Exercise goal ▸ From the line containing "Step out in" through the last line of the records below, each line is to be repeated exactly; pictures are to be omitted.
====== Material for this task
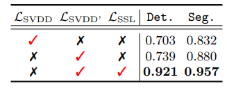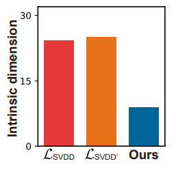 1) $\mathcal{L}_{\text {SVDD' }}$ ($\mathcal{L}_{\text {SVDD}}$를 개선 시킨 것)
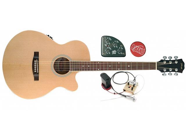 концертная электроакустическая гитара, дека: ель, низ, боковины и гриф: catalpa, накладка грифа и мостик: палисандр, вырез (cutaway), датчик: B-Band,активная электроника (4 полосы)
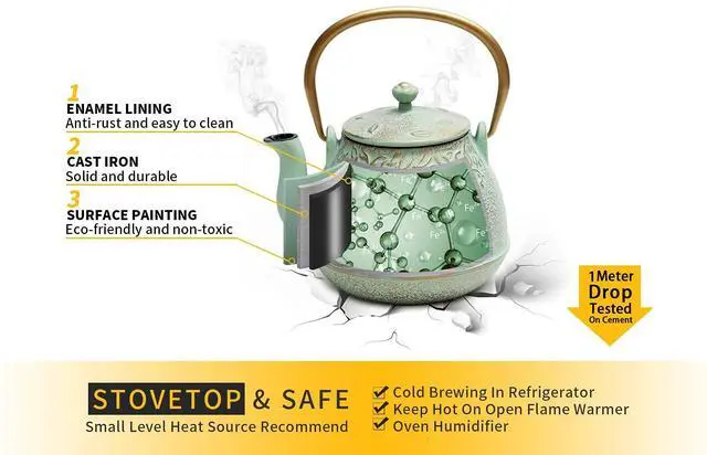 These Toptier retro looking functional teapot made of sturdy cast iron, they are more sturdy than stoneware, porcelain, stainless, aluminum and more. Creation of Toptier ensures you get what you pay for, BEWARE OF CHEAP KNOCK OFFS!
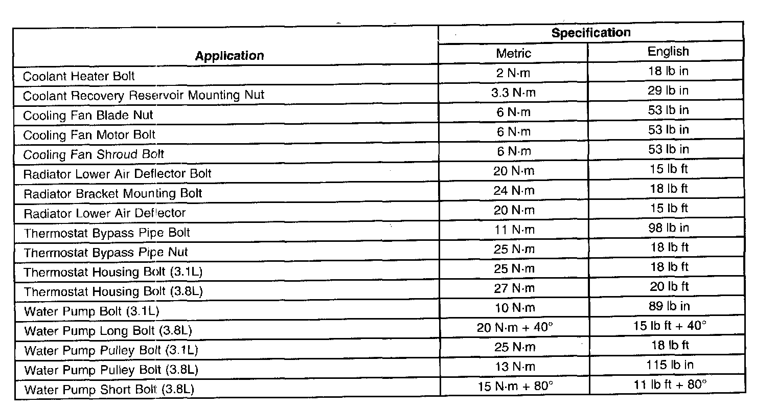 Fastener Tightening Specifications
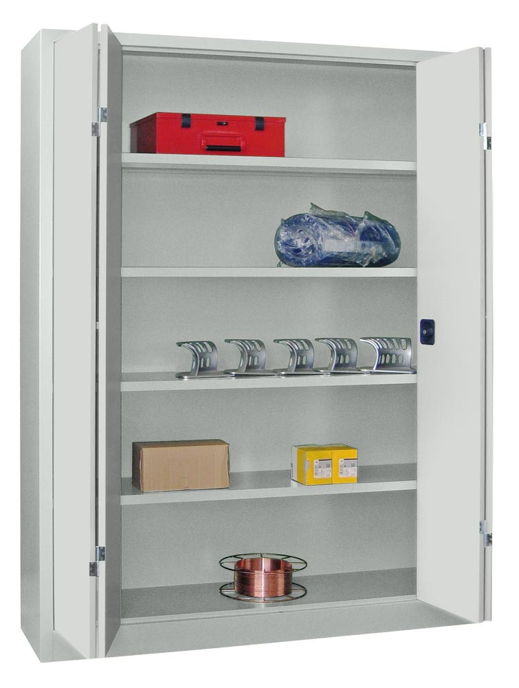 ∙ Stabile Stahlblechkonstruktion ∙ Oberfläche pulverbeschichtet ∙ Schränke mit gemeinsam verschließbaren Vollblech-Falttüren und Verstärkungstaschen ∙ Die Türen sind über einen dreiriegeligen Drehgriff mit integriertem Zylinderschloss inkl. 2 Schlüsseln verschließbar ∙ Böden im Raster von 17 mm höhenverstellbar, Belastbarkeit je Boden 80 kg bei gleichmäßig verteilter Last ∙ Max. Gehäusebelastbarkeit 600 kg
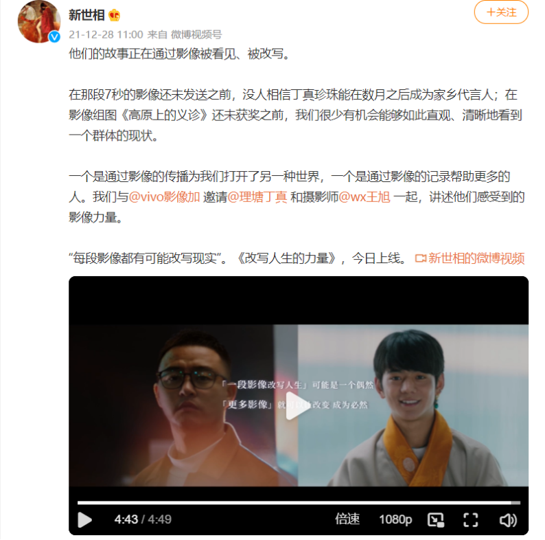 一张偶然拍下的照片,一段真实记录的影像究竟有何种力量?在看过由vivo影像加联合新世相创作的《改写人生的力量》视频后,答案或许就在年度人物丁真与摄影师王旭的对话中。一个因为被“看见”,成为家乡代言人,一个因为“看见”,帮助了很多需要帮助的人群;而这故事的背后恰恰正是影像的力量,让人们相信影像可以改变人生的力量。
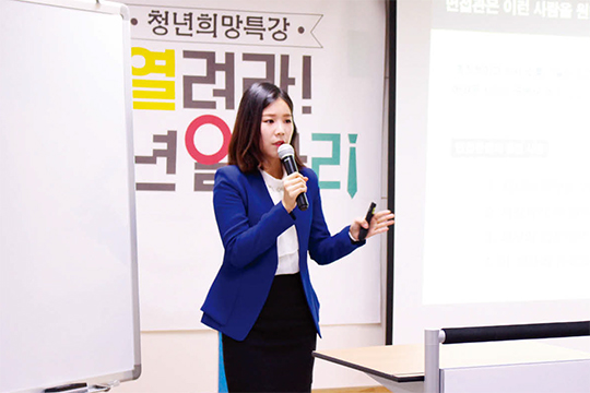 | 지효선 (주)파워PT 전임교수는 자기소개서의 중요성과 함께 자신만의 강점을 어필하는 방법에 관한 조언을 들려줬다.(사진=청년희망재단) |
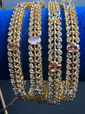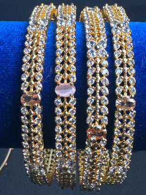 Step out in exquisite style and adorn your wrist with our beautiful Kara golden and rose gold ruby squares. Each bangle features a combination of gold and rose gold, with square shaped faux diamond inserts for a timeless, elegant look. Put your best foot forward in these stunning and glamorous bangles. Ready to be admired?
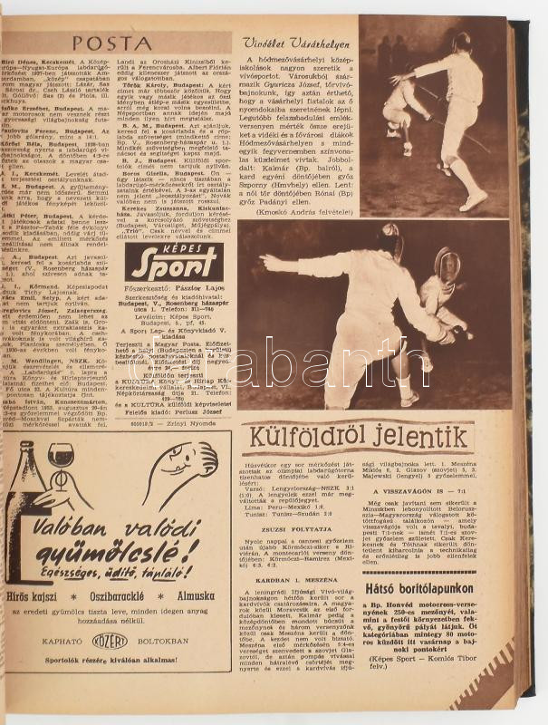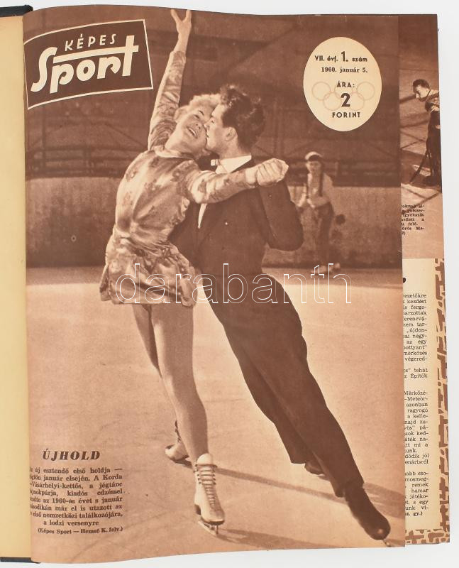 1960 Képes Sport teljes évfolyama egybekötve, VII. évf. 1-52. sz., félvászon-kötésben, nagyrészt jó állapotban
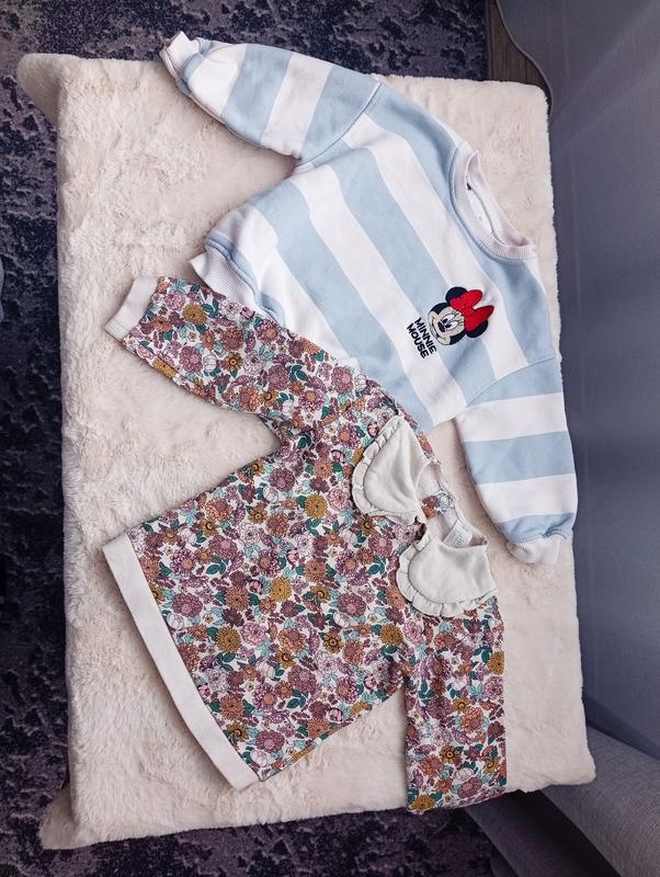 Набор из двух кофтинок, на кофточке из Мини есть маленькое пятнышко желтоватая, нажаль фото не передает, в носке не заметно,не ярко выражена (выводить не пробовала), кофточка с воротничком без недостатков. Размер 12-18 ( 86р) Замер при необходимости сделать.
============
Exercise result ▸
 Step out in exquisite style and adorn your wrist with our beautiful Kara golden and rose gold ruby squares. Each bangle features a combination of gold and rose gold, with square shaped faux diamond inserts for a timeless, elegant look. Put your best foot forward in these stunning and glamorous bangles. Ready to be admired?
 1960 Képes Sport teljes évfolyama egybekötve, VII. évf. 1-52. sz., félvászon-kötésben, nagyrészt jó állapotban
 Набор из двух кофтинок, на кофточке из Мини есть маленькое пятнышко желтоватая, нажаль фото не передает, в носке не заметно,не ярко выражена (выводить не пробовала), кофточка с воротничком без недостатков. Размер 12-18 ( 86р) Замер при необходимости сделать.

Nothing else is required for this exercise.